The Joda-Time project, now in maintenance mode, advises migration to the java.time classes.
To learn more, see the Oracle Tutorial. And search Stack Overflow for many examples and explanations. Specification is JSR 310.
You may exchange java.time objects directly with your database. Use a JDBC driver compliant with JDBC 4.2 or later. No need for strings, no need for java.sql.* classes.
Where to obtain the java.time classes?
Java SE 8, Java SE 9, Java SE 10, Java SE 11, and later - Part of the standard Java API with a bundled implementation.
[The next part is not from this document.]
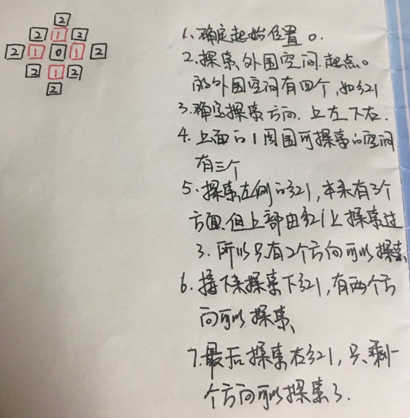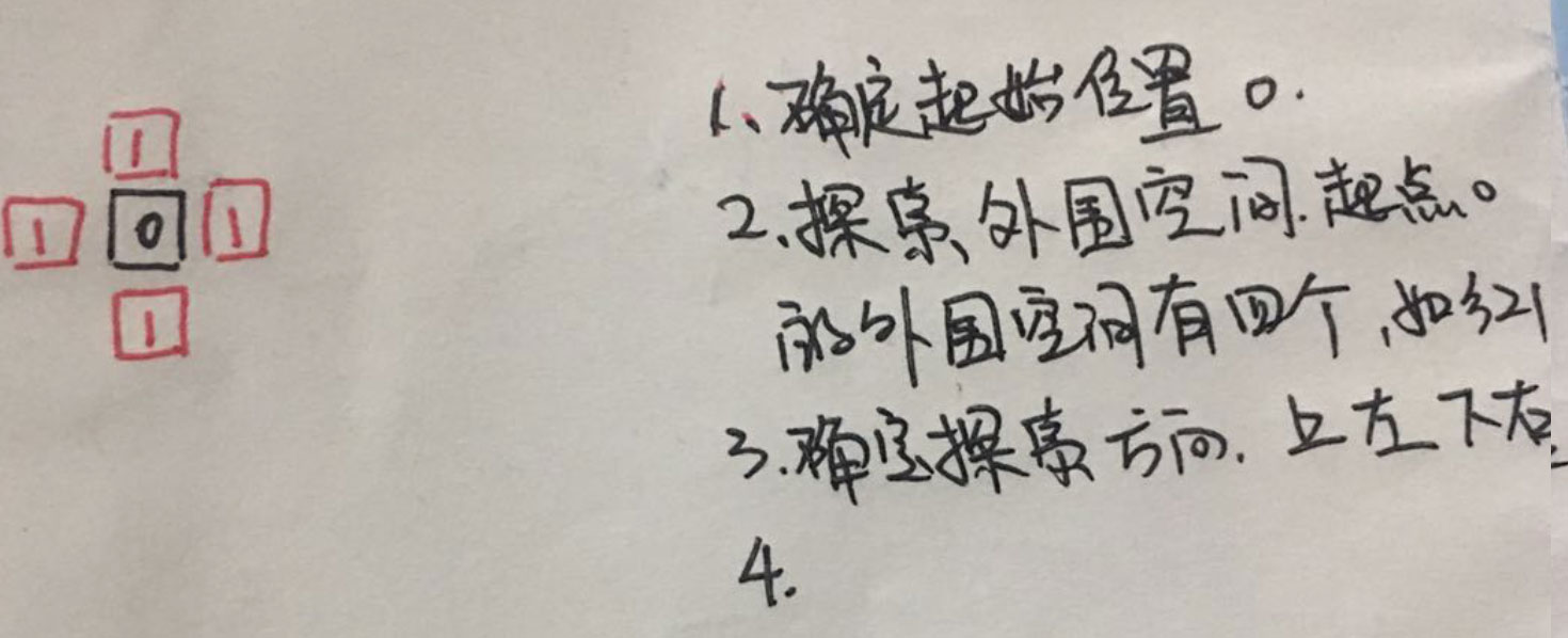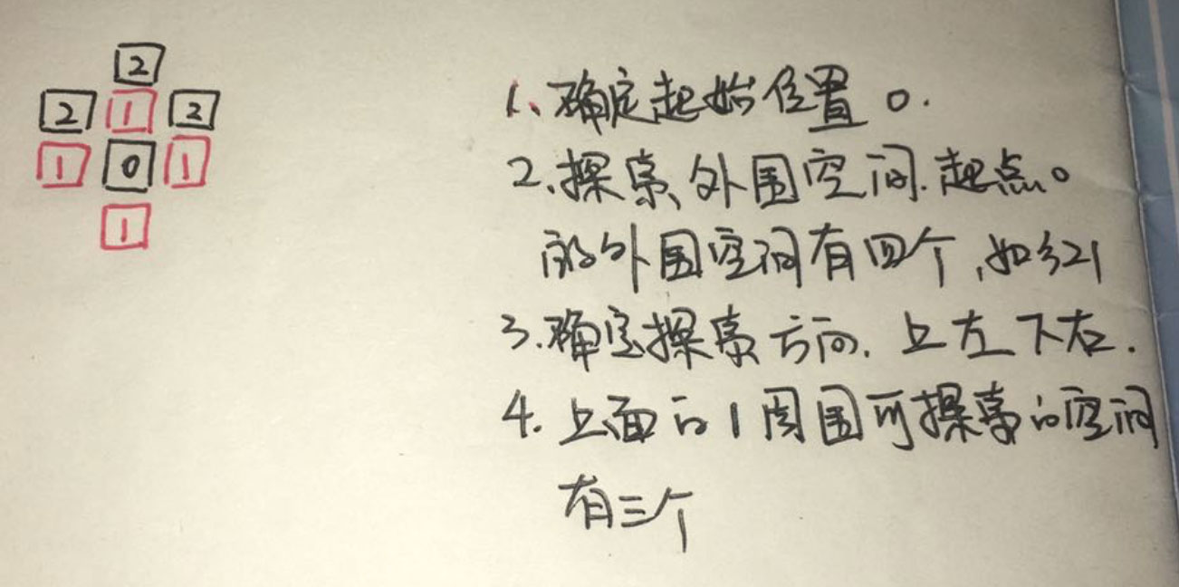 第一步, 我们先明确起点. 这个起点有上下左右四个方向可以探索. 我们按照顺时针顺序探索, 上 左 下 右

Java 9 adds some minor features and fixes.
Java SE 6 and Java SE 7
Most of the java.time functionality is back-ported to Java 6 & 7 in ThreeTen-Backport.
Android
Later versions of Android bundle implementations of the java.time classes.
For earlier Android (<26), the ThreeTenABP project adapts ThreeTen-Backport (mentioned above). See How to use ThreeTenABP….
The ThreeTen-Extra project extends java.time with additional classes. This project is a proving ground for possible future additions to java.time. You may find some useful classes here such as Interval, YearWeek, YearQuarter, and more.